Note to self, be more helpful to all those foreign visitors during the Edinburgh Festival.

It was much the same throughout the tournament and everyone who was there has their own little version of the above story to tell. Everywhere you went people would bend over backwards to help, show, explain, translate and generally make life a lot easier for us ‘gaijin’. This even extended to the underground where the wrong ticket would often be waved through, if only because God simply didn’t make enough time to explain to every foreigner what they needed to know.

With bar prices prohibitively expensive, my abiding memory if RWC’19 was rugby fans congregating outside the local 7-11’s where cans of beer could be had for cheap. When the food outlets were mobbed in the early matches the Japanese allowed fans to bring in their own food, a courtesy that soon expanded to drink as well since the nice people on the gate were far too polite to ever check your bag properly.

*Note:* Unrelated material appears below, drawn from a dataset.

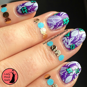 Today I have a gorgeous look I whipped up over Picture Polish Imperial. I stamped this fab leaves image from Bundle Monster over two easy coats of Imperial in Konad White. Then I dotted on the teal flower petals and outlined in black acrylic. I only added a few flowers for the POP of color, but I just loved the look. I also matted the whole thing.

The Tokyo Olympics are going to be a blast, if the opportunity arises then grab it with both hands, but it is not obvious we can say the same thing about RWC’23 which is, of course, in France.

– IAIN MORRISON

 

Scotland’s squad of 31 did not have strength in depth to compete in RWC.  The reason for this is the small base of players from which the squad is selected. That then raises the question of how to increase this base. Would a third pro team do the trick? Or will Super Six raise the playing standard sufficiently to produce more players capable of performing in international rugby?  The problem is much more deep rooted and is about increasing numbers in age-grade rugby. A small number of independent schools do a very good job of producing top players but what Scotland has to do is to tap into the enormous potential within the 95% of youngsters educated in the state sector, most of whom play rugby through the club system. That’s for Murrayfield to find solutions but it could also be in the hands of a Scottish Government seeking to increase participation in active sport.